Top of Data provided

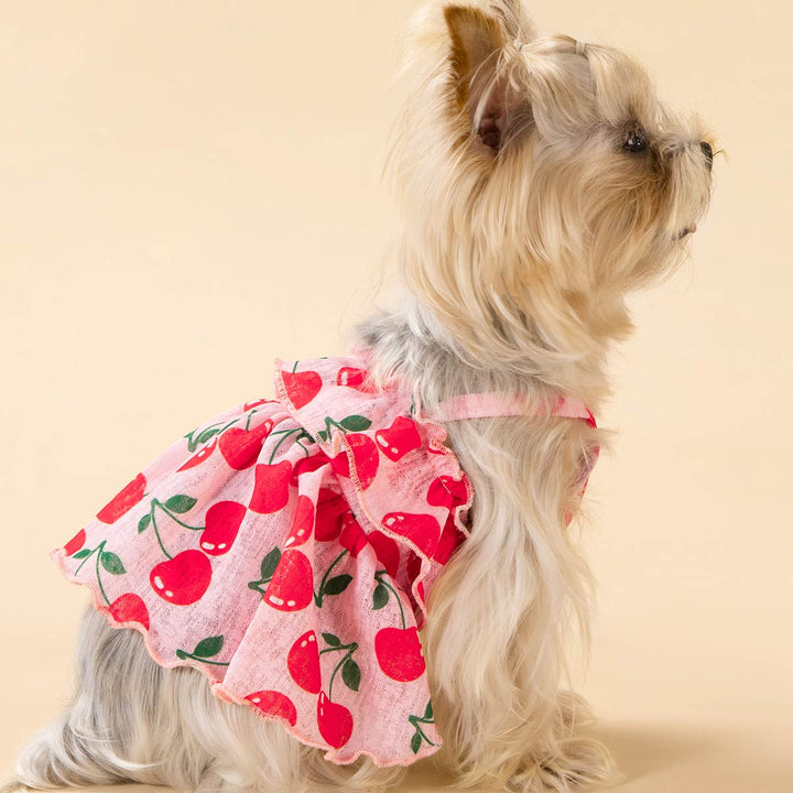 Cherry print dog dress, pink with ruffled skirt, lightweight and breathable for small dogs
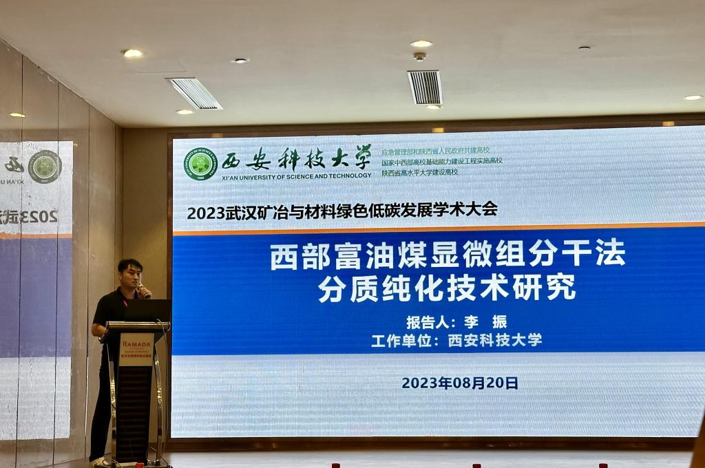 会上,湖北省政协副主席王红玲、中国有色金属学会监事长张洪国、武汉工程大学董事长王存文、湖北兴发化工集团党委委员李少平进行了开幕致辞。团队负责人李振受邀作了题为《西部富油煤显微组分干法分质纯化技术研究》的大会报告,介绍了团队在煤岩组分干法分质纯化技术与综合利用领域的最新研究成果,引发了与会人员的热烈反响。团队青年教师常静、盛秋月及研究生代表孟梓豪分别作了题为《表面电学特性对选矿尾水中微细粘土矿物自聚合结构及深度脱水的影响机制》、《滑石矿泥交互影响下氧化铜矿物的强化硫化浮选研究》和《基于煤岩显微组分物理、化学性质的含量预测研究》的会议报告。
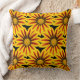 Het originele bloemenpatroon op dit levendige kussen is een madeliefje. De stroperige bloemblaadjes die het gele midden van de bloem omringen vallen op en lichten elke doffe hoek op op een bank of bed op. De zwarte achtergrond maakt de kleuren echt pop. De achterkant van het kussen heeft hetzelfde madeliefje ontwerp maar de madeliefjes zijn gelijkmatiger gespreid.
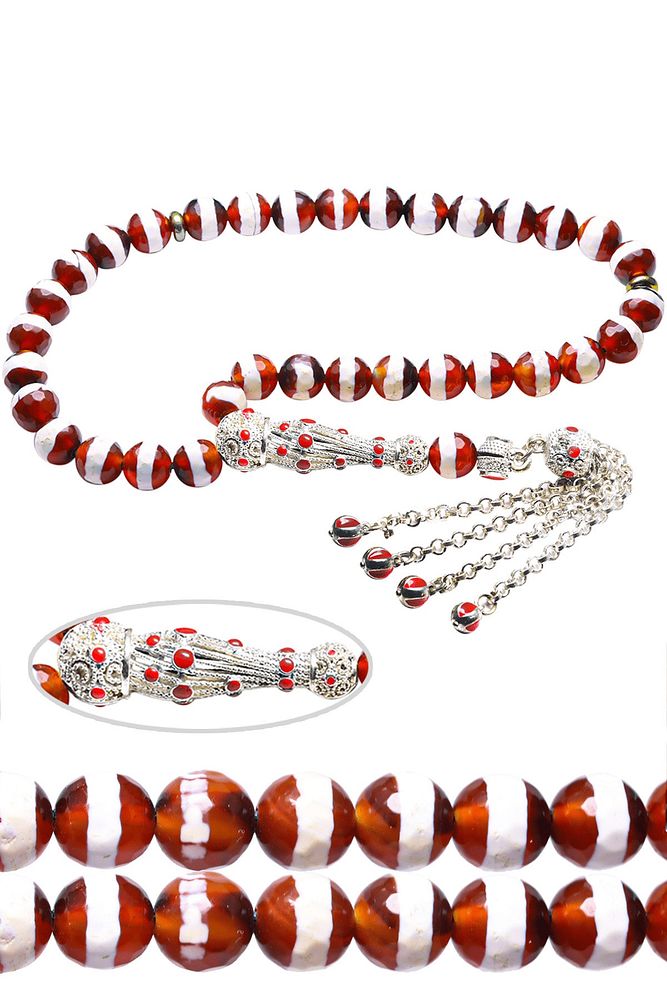 Sertifikalı Telkari Püsküllü Kırmızı Çizgili Doğal Akik Taşı Tesbih
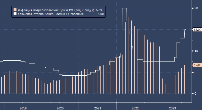 "Решение по ключевой ставке на следующем заседании, в первую очередь, будет зависеть от дальнейшей динамики инфляции, данные по которой с различной степенью детализации на еженедельной основе публикуются Росстатом и Минэкономразвития. Учитывая неравномерную динамику инфляции за последние месяцы, можно ожидать сохранения ключевой ставки (КС) на текущем уровне 15% в случае фиксации до 15 декабря снижения темпов инфляции, т.к., вероятнее всего, Банк России будет ориентироваться на более долгосрочные тренды, и ее повышения на 0,5 - 1 п.п. в случае роста инфляционных показателей", - пишет аналитик.
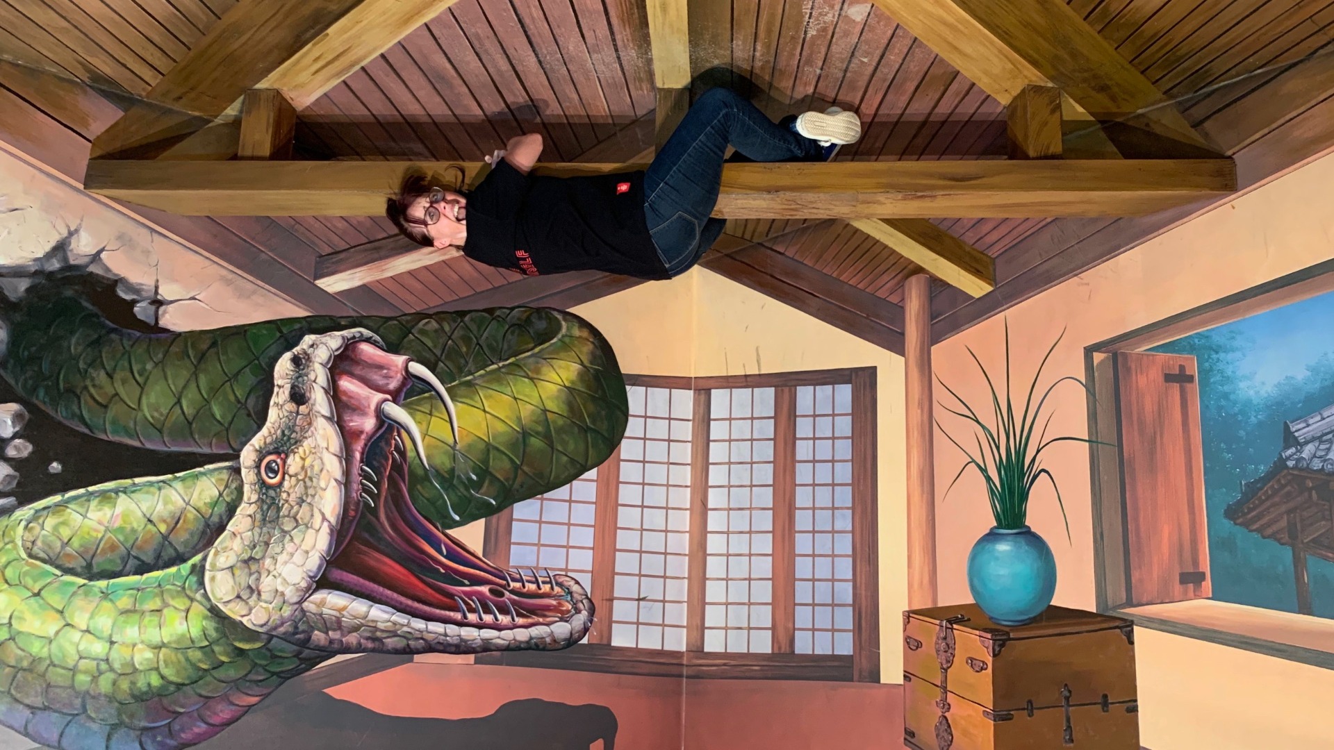 DEN 11. Přesunem z Busanu do Soulu jsme sice unikli největšímu tajfunu, stále však vydatně lilo. V takové dny přemýšlíte, co zábavného podniknout někde pod střechou. Ve městě naštěstí bývá nespočet možností: muzea, galerie, akvária, kina, herní místnosti, nákupní centra s bezednými kelímky atd. atd. My jsme nakonec zvolili Trick Eye Musem.

Bottom of Data provided

None of the pictures should appear; copy the rest of the material above exactly.

 Cherry print dog dress, pink with ruffled skirt, lightweight and breathable for small dogs
 会上,湖北省政协副主席王红玲、中国有色金属学会监事长张洪国、武汉工程大学董事长王存文、湖北兴发化工集团党委委员李少平进行了开幕致辞。团队负责人李振受邀作了题为《西部富油煤显微组分干法分质纯化技术研究》的大会报告,介绍了团队在煤岩组分干法分质纯化技术与综合利用领域的最新研究成果,引发了与会人员的热烈反响。团队青年教师常静、盛秋月及研究生代表孟梓豪分别作了题为《表面电学特性对选矿尾水中微细粘土矿物自聚合结构及深度脱水的影响机制》、《滑石矿泥交互影响下氧化铜矿物的强化硫化浮选研究》和《基于煤岩显微组分物理、化学性质的含量预测研究》的会议报告。
 Het originele bloemenpatroon op dit levendige kussen is een madeliefje. De stroperige bloemblaadjes die het gele midden van de bloem omringen vallen op en lichten elke doffe hoek op op een bank of bed op. De zwarte achtergrond maakt de kleuren echt pop. De achterkant van het kussen heeft hetzelfde madeliefje ontwerp maar de madeliefjes zijn gelijkmatiger gespreid.
 Sertifikalı Telkari Püsküllü Kırmızı Çizgili Doğal Akik Taşı Tesbih
 "Решение по ключевой ставке на следующем заседании, в первую очередь, будет зависеть от дальнейшей динамики инфляции, данные по которой с различной степенью детализации на еженедельной основе публикуются Росстатом и Минэкономразвития. Учитывая неравномерную динамику инфляции за последние месяцы, можно ожидать сохранения ключевой ставки (КС) на текущем уровне 15% в случае фиксации до 15 декабря снижения темпов инфляции, т.к., вероятнее всего, Банк России будет ориентироваться на более долгосрочные тренды, и ее повышения на 0,5 - 1 п.п. в случае роста инфляционных показателей", - пишет аналитик.
 DEN 11. Přesunem z Busanu do Soulu jsme sice unikli největšímu tajfunu, stále však vydatně lilo. V takové dny přemýšlíte, co zábavného podniknout někde pod střechou. Ve městě naštěstí bývá nespočet možností: muzea, galerie, akvária, kina, herní místnosti, nákupní centra s bezednými kelímky atd. atd. My jsme nakonec zvolili Trick Eye Musem.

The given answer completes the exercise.